В данном же случае наблюдается аналогия со всем тем, что было сказано в ответ на предыдущие апории: что слияние всего во всякой вещи есть единое, предшествующее всему, воплощенное в каждой вещи, и оно, разумеется, не является подобием высшего единого, как и светом, но есть лишь результат происходящего от него, и вот оно-то — и вершина, и корень, появляющийся на свет тем способом, который по природе берет свое начало от того единого как единый и общий корень всего; с другой же стороны, подобное единое, пожалуй, не корень, а предшественник всего, или же не только корень, но еще и все — вместе с корнем. Итак, единое само есть все и предшествует всему, все же происходит от него одновременно, как корень и побеги[310]
. Так вот, почему корень, будь он один или будь их много, является как бы отголоском высшего единого, одновременно — как мы согласились, когда приняли то решение, что неопределенное единое есть все, предшествующее всему.— оказывающимся и корнем и побегами всего? Корень получает свое определение в соотношении с побегами, а вершина — в соотношении со всем остальным.
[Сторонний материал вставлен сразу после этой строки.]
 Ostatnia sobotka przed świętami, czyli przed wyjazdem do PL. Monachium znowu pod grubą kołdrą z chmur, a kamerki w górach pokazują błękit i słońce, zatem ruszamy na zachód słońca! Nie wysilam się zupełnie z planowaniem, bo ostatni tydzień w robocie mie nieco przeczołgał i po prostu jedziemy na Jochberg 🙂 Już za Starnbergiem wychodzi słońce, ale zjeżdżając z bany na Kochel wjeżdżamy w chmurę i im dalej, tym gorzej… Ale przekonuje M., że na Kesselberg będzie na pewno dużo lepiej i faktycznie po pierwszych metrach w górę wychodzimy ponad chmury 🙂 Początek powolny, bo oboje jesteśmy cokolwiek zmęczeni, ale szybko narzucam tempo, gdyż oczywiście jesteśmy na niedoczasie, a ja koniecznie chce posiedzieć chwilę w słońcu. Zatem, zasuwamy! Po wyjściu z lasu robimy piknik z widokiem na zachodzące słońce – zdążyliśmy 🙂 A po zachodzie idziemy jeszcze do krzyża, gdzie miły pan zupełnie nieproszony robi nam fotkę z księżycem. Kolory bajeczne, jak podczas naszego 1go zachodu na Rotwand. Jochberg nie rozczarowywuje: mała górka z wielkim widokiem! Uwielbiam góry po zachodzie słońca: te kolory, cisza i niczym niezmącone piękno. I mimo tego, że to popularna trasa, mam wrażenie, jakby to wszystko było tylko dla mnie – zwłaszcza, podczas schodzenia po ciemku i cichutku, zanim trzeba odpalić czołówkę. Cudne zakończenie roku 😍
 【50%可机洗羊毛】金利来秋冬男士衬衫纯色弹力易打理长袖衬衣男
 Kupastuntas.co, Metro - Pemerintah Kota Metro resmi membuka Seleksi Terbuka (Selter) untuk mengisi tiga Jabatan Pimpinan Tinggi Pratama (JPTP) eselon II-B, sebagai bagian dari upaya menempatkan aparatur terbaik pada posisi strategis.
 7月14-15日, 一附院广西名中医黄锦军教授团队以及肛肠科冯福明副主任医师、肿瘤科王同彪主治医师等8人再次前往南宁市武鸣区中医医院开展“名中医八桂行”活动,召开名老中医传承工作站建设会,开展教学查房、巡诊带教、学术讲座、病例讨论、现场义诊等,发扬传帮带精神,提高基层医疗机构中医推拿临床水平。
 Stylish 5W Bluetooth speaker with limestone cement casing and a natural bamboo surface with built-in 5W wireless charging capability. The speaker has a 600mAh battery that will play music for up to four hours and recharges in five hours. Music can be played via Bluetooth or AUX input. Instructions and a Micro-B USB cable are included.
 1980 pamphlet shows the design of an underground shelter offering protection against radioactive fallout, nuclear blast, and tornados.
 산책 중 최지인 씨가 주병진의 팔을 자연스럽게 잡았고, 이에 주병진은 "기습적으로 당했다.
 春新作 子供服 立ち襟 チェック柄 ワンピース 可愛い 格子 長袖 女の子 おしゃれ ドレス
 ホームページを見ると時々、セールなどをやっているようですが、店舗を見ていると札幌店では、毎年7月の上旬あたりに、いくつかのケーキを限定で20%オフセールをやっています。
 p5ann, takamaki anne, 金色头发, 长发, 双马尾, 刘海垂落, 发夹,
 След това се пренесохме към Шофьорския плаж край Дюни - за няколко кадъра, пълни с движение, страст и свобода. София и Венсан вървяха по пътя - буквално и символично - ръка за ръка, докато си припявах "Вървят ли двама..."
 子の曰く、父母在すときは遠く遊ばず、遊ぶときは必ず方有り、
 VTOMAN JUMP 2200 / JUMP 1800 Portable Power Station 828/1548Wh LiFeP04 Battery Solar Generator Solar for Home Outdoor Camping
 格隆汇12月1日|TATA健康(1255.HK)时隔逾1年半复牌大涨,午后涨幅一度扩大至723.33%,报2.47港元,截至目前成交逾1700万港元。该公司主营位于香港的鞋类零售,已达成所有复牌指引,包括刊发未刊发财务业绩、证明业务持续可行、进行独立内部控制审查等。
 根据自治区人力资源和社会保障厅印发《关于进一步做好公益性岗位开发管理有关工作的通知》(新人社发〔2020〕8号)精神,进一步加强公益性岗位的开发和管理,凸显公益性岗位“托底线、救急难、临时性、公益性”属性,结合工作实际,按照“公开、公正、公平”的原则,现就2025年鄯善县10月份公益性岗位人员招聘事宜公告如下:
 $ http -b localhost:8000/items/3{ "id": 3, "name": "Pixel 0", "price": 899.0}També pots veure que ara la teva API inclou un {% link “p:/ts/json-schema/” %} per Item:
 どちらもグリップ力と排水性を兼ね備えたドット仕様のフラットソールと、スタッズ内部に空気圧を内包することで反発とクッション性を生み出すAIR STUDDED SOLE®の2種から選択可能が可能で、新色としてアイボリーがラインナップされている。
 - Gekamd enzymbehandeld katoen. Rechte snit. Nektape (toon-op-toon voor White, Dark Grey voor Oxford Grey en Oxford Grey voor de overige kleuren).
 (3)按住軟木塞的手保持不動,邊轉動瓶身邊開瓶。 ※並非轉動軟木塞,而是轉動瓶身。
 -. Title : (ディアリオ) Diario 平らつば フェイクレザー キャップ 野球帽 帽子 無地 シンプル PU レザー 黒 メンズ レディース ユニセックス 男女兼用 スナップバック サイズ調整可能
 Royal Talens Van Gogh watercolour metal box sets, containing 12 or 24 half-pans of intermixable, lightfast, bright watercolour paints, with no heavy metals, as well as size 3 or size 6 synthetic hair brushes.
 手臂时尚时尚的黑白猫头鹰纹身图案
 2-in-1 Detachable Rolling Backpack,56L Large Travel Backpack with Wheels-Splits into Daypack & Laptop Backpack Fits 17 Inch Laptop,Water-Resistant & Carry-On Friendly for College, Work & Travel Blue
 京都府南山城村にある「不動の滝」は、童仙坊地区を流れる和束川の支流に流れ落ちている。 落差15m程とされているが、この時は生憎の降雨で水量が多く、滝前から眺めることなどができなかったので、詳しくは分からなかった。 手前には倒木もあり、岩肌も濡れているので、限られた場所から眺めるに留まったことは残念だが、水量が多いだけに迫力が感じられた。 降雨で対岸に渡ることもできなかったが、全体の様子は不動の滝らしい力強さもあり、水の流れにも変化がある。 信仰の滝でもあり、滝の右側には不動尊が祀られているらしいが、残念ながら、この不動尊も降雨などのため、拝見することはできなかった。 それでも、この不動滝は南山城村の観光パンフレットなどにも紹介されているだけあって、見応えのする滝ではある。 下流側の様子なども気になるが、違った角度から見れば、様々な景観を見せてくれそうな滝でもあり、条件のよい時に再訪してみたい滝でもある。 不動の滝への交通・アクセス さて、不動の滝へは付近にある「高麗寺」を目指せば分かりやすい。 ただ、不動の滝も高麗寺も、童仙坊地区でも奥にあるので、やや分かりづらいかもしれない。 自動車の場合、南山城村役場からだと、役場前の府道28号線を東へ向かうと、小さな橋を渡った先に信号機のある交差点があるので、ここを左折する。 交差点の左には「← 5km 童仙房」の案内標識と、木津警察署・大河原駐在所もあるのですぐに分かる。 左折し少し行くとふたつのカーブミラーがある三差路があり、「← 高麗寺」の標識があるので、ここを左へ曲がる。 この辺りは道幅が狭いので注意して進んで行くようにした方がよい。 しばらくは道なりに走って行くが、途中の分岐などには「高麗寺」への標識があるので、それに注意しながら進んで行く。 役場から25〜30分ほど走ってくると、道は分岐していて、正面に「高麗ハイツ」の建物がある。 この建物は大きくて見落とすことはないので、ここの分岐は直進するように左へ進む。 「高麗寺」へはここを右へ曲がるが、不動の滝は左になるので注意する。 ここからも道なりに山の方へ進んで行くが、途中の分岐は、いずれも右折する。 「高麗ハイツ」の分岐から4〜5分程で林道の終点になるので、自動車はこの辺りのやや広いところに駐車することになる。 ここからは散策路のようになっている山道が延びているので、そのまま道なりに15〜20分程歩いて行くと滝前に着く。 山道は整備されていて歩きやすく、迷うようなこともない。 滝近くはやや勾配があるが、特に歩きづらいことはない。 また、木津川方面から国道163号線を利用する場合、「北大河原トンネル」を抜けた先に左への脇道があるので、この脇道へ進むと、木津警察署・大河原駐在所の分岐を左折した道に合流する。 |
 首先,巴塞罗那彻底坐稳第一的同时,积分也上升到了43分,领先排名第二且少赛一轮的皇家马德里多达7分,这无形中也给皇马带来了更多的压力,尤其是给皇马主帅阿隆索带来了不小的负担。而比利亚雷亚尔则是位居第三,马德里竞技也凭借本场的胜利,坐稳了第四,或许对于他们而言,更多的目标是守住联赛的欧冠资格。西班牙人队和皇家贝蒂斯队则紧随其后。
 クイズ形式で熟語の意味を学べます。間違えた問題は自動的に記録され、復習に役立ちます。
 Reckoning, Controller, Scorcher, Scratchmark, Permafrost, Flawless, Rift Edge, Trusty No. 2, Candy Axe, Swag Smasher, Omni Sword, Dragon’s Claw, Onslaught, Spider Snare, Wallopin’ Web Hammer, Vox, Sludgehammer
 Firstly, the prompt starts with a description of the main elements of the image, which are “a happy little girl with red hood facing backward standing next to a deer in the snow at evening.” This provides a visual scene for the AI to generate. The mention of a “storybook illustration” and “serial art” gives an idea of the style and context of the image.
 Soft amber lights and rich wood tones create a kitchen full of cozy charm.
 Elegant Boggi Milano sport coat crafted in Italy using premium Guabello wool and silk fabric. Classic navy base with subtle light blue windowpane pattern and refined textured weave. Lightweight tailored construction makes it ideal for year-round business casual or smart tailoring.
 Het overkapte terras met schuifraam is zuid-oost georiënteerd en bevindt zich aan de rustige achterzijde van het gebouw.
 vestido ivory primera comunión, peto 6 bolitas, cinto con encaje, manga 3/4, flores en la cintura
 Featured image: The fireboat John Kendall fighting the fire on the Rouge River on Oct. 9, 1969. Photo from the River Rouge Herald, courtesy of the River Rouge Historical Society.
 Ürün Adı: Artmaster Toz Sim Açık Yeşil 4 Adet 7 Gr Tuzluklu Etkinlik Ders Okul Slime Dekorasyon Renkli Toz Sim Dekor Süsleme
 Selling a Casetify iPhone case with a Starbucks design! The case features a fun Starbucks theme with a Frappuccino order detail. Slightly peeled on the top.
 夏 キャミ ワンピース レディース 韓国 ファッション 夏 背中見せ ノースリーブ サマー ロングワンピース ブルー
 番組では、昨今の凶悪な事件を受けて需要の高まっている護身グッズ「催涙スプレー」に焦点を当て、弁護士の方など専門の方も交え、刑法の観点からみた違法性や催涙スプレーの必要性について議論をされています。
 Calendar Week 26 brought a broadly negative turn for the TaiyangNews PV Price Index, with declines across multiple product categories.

Следовательно, исходящее свыше сияние не могло бы быть, конечно, тем предшествующим всему единым, которое принадлежит к тому же виду, что и каждое единое, содержащееся во множественном; последнее единое в силу своей всеобщей распространенности, безусловно, будет в каком-то смысле множественным, а в каком-то — получит свое определение на основании того единого, которое испускает сияние.Тем не менее не стоит делать вывод, что, поскольку другое не причастно единому данным способом, оно не может быть ему причастно никаким способом вообще: мы будем считать, что высшее единое присутствует во всем,— ибо необходимо оставить без внимания побочные апории, оспаривающие способ сопричастности, свойственный другому, которые попросту неверны. В самом деле, пусть относительно выхода единого за свои пределы будет выдвинуто то же самое предположение, что и в связи с его своеобразной ипостасью: он не связан ни с единством, ни с раздельностью и не является порождением ни предметов одного с ним вида, ни иного, но предшествует тому и другому; то же самое относится и к причастности ему: она возникает не как его присутствие и не как исходящее от него сияние, но как нечто, предшествующее тому и другому. Итак, не стоит говорить, ни что дар его является общим, ни что он есть особенное, ибо он потусторонний этой двоице. Конечно же, этот самый дар — вовсе и не дар, как и не что-либо отличное от него, поскольку и такие вещи некоторым образом противостоят друг другу, дар же этот потусторонен всякой антитезе, принимающей форму противоречия и, стало быть, в еще большей мере потусторонен любой другой. Таким образом, он не является ни тленным, ни нетленным: его следует называть предшествующим тому и другому, если уж на самом деле необходимо существовать его собственному наименованию. Так вот, каким образом будет наличествовать то, к чему не имеет отношения ни особенность, ни общность? Сами мы, разумеется, никоим образом не сможем уподобиться таковому, чему на самом деле в отличие от чего-то, следующего за ним, своеобразие не присуще; ведь даже едиными мы пребываем благодаря не ему, а единому, следующему за ним[311]
; что же касается высшего единого, то для того чтобы я мог так сказать о нем, оно помимо единого должно быть всем, а на самом деле — предшествовать как единому, так и всему.41. Так к чему стремится, согласно Платону, свет очей души?[312]
Пожалуй, к тому, чтобы соединиться со светом, исходящим от высшего единого, а не с ним самим. И что же? Разве свет сам по себе не соприкасается с тем, что исходит от него? Скорее всего, он соприкасается с ним лишь в силу некоего подобия аналогии, но никак не в согласии с истиной. В самом деле, высшее единое не допускает своего соприкосновения с иным, как, конечно же, такого соприкосновения не допускает и точка[313]. Но почему же за ним непосредственно следует свет? Потому ли, что свет появился первым из всего, или потому, что он не вполне покинул эту недоступную для входа святыню?[314] Впрочем, о сказанном Платоном мы подробнее поговорим ниже.